[Data items]
__________
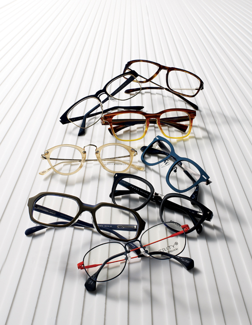젊고 활기찬 느낌을 주는 브라운과 옐로의 투톤 컬러 안경. 은근한 결 무늬의 프레임으로 한층 고급스러워 보인다. 10만원대 울프강프록쉐 by 옵티컬 W. 가볍고 착용감이 좋은 소재로 잘 알려진 티타늄 소재의 블루 컬러 안경. 블랙 수트에 연출하면 트렌디하면서도 이지적인 룩을 완성할 수 있다. 19만5천원. 트리티 by 프로덕트 서울
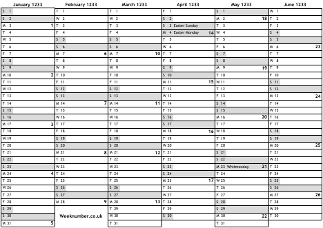 1233 calendar
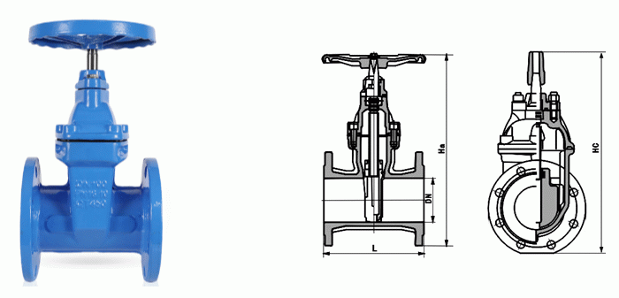 軟密封閘閥外形結(jié)構(gòu)圖:
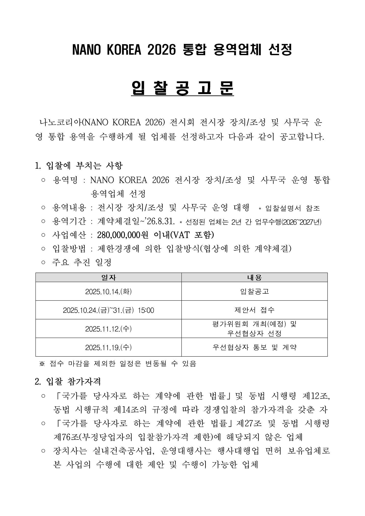[공지] [공고] NANO KOREA 2026 통합 용역업체 선정
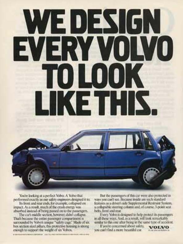 It was on the back of one of my auto show programs from when I was a kid, and always stuck with me – a lot of Volvo's advertising up through the 90's seems like it was inspired by the DDB VW ads from the 60's.
__________
Produce an exact copy of each line of data, skipping embedded images.

Answer box:
젊고 활기찬 느낌을 주는 브라운과 옐로의 투톤 컬러 안경. 은근한 결 무늬의 프레임으로 한층 고급스러워 보인다. 10만원대 울프강프록쉐 by 옵티컬 W. 가볍고 착용감이 좋은 소재로 잘 알려진 티타늄 소재의 블루 컬러 안경. 블랙 수트에 연출하면 트렌디하면서도 이지적인 룩을 완성할 수 있다. 19만5천원. 트리티 by 프로덕트 서울
 1233 calendar
 軟密封閘閥外形結(jié)構(gòu)圖:
[공지] [공고] NANO KOREA 2026 통합 용역업체 선정
 It was on the back of one of my auto show programs from when I was a kid, and always stuck with me – a lot of Volvo's advertising up through the 90's seems like it was inspired by the DDB VW ads from the 60's.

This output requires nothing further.